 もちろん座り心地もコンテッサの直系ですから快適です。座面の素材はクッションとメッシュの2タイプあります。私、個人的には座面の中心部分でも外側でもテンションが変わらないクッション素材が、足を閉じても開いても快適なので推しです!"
...
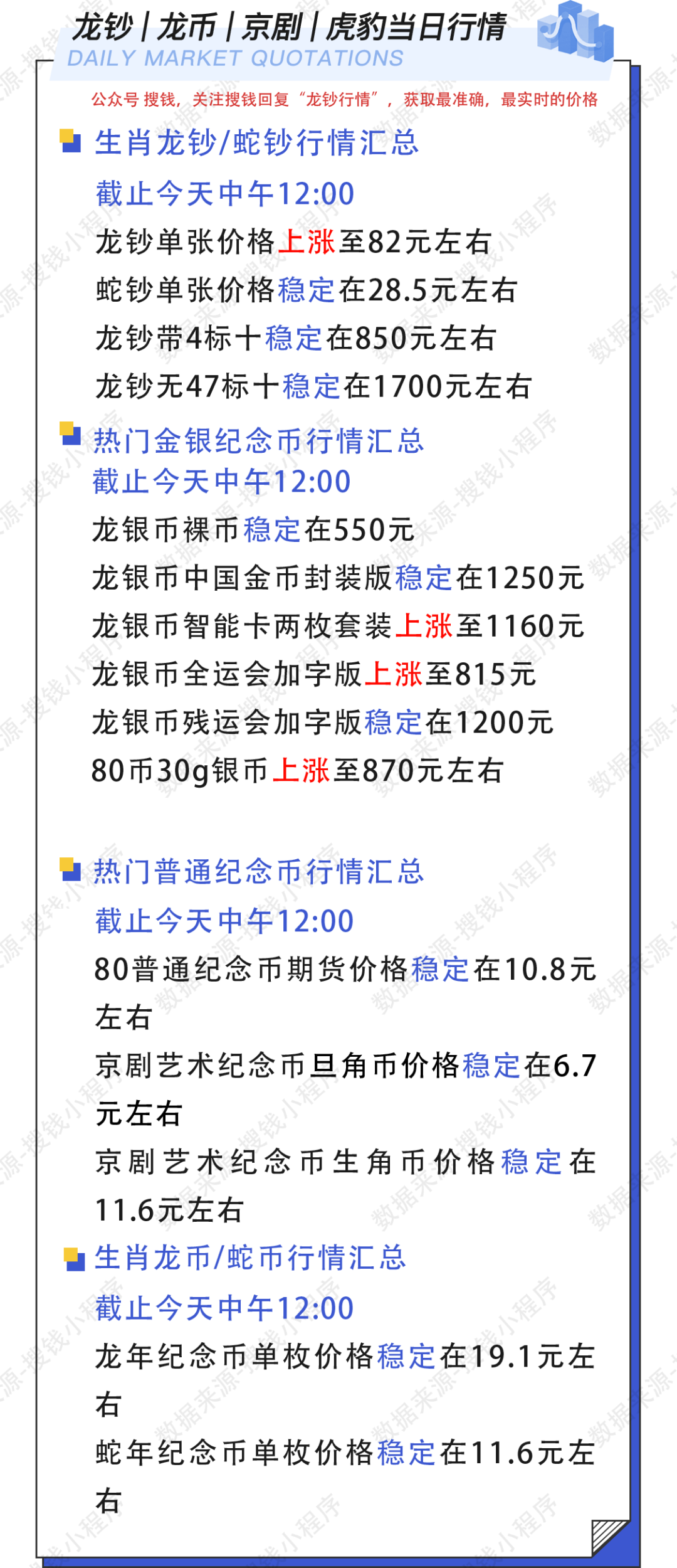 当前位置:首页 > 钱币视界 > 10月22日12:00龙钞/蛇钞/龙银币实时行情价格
---
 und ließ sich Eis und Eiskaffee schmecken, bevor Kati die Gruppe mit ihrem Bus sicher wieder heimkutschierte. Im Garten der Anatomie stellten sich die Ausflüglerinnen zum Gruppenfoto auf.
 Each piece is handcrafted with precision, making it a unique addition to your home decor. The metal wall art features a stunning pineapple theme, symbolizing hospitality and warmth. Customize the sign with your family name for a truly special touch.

= Goal of the exercise =
Considering only the material above, set down every line from the one with "und ließ sich" to the one with "Each piece is", inclusive, exactly as written.

= Exercise solution =
 und ließ sich Eis und Eiskaffee schmecken, bevor Kati die Gruppe mit ihrem Bus sicher wieder heimkutschierte. Im Garten der Anatomie stellten sich die Ausflüglerinnen zum Gruppenfoto auf.
 Each piece is handcrafted with precision, making it a unique addition to your home decor. The metal wall art features a stunning pineapple theme, symbolizing hospitality and warmth. Customize the sign with your family name for a truly special touch.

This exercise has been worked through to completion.